Perhaps you may experiment yourself cautiously and safely, see how your body reacts and how you feel if you skip a meal (or two). Rinse, repeat and extend.
If you do decide to try it, remember hunger is a mentality, can be managed and will pass (that’s from the book author, not me 😉).
Undoubtedly, I would like to do more longer fasts, and definitely enjoy when I am foo’ay beans!
If this post has piqued your interest, you want to know more about any of the technicalities please do get in touch, open dialogue or look for respected and trustworthy people on the internet.
We make the hard and “fast” rules.
The stage is yours.
Love
P.S. Any comments, queries, suggestions to improve my fasting or any related anecdotes would be well received and more than welcome.
P.P.S. There are fasting apps with timers.
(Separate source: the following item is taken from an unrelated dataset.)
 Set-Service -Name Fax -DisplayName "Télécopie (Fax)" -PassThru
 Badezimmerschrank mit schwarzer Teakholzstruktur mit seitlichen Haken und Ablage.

Oh, and if anyone wants to try a longer fast feel free to let me know as I could use a nudge or some moral support on this front.
Attention at around 1min 50s into this post’s song: Canter (Live in Glasgow) by Gerry Cinnamon
I DNF, but to be fair, I did not even make the start line!
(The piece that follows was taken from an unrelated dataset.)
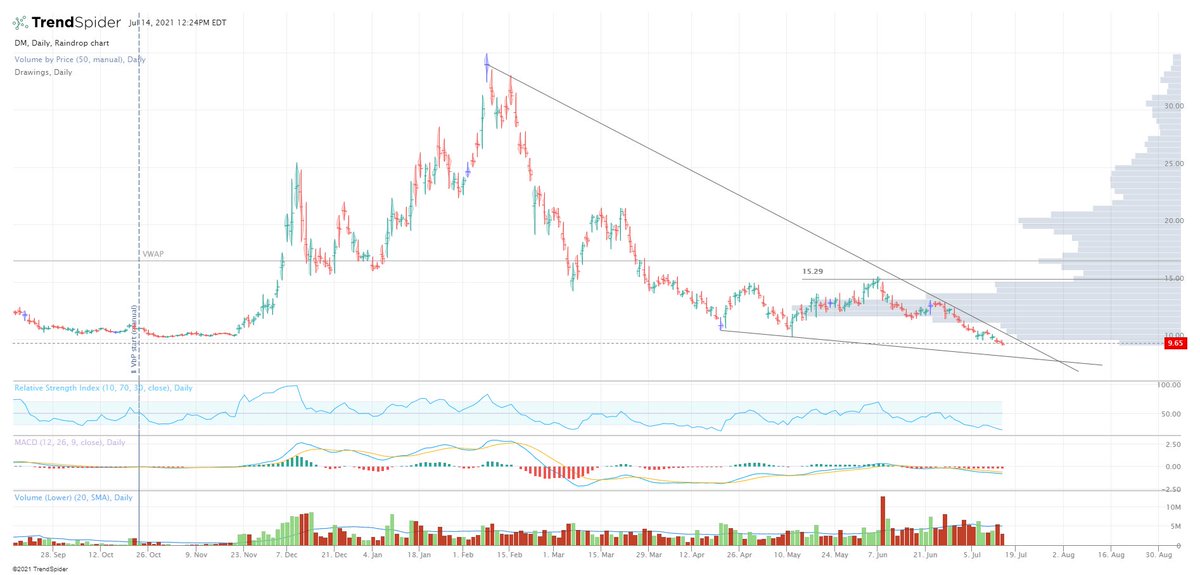$DM trading horrible, falling wedge that could take us lower but one of these days we'll find a bottom and get a breakout similar to $WISH

Some notes on exercise (this could be another post if there is anyone interested). If I manage at all, I endeavour to do the following as often as time or motivation permits on a daily basis:
Very rarely, run over 5km (with short warm-up / cool-down).
10-15 minutes of breath work interspersed by a wee bit of core work.
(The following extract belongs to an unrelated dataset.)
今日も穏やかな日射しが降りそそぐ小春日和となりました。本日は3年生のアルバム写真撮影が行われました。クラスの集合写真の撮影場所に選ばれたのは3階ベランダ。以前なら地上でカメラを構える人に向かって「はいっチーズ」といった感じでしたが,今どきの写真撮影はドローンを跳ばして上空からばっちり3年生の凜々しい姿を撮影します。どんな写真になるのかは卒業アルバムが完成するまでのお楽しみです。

A short 10-20min yoga routine.
Wee bouts of closed kinetic chain (body weight) exercises or on more rare occasions, plyometrics. I do not do HIIT, endurance or heavy gym work – not that I wouldn’t like to.
Total side note here, but in France they say “bon appétit” and Czech Republic they say “dobrou chut’” prior to digging in to scran, literally meaning good eating / taste / enjoy your meal. I said to my wife that I would like “dobrou chut’” to mean a wee note of gratitude (for the whole process of getting the food to table and to really savour it).
In Scotland we have the Selkirk Grace, but nothing that is similarly uttered on a regular basis. And so, I take note here (unless one wants to take the initiative) to engage a Scots Gaelic speaker to come up with a phrase using one or a combination of these words:
I could write another post on mindfulness if there is anyone interested. There will be a wee bit more on this in the mini-series finale.
I should also add for anyone interested in the metrics I am also 6" tall.
Further, anyone looking to dig in and whet their appetite with more digestible / harder science, a good friend pointed me to Low Carbs Down Under (YouTube) for specifics on everything I tried to explain or touched on.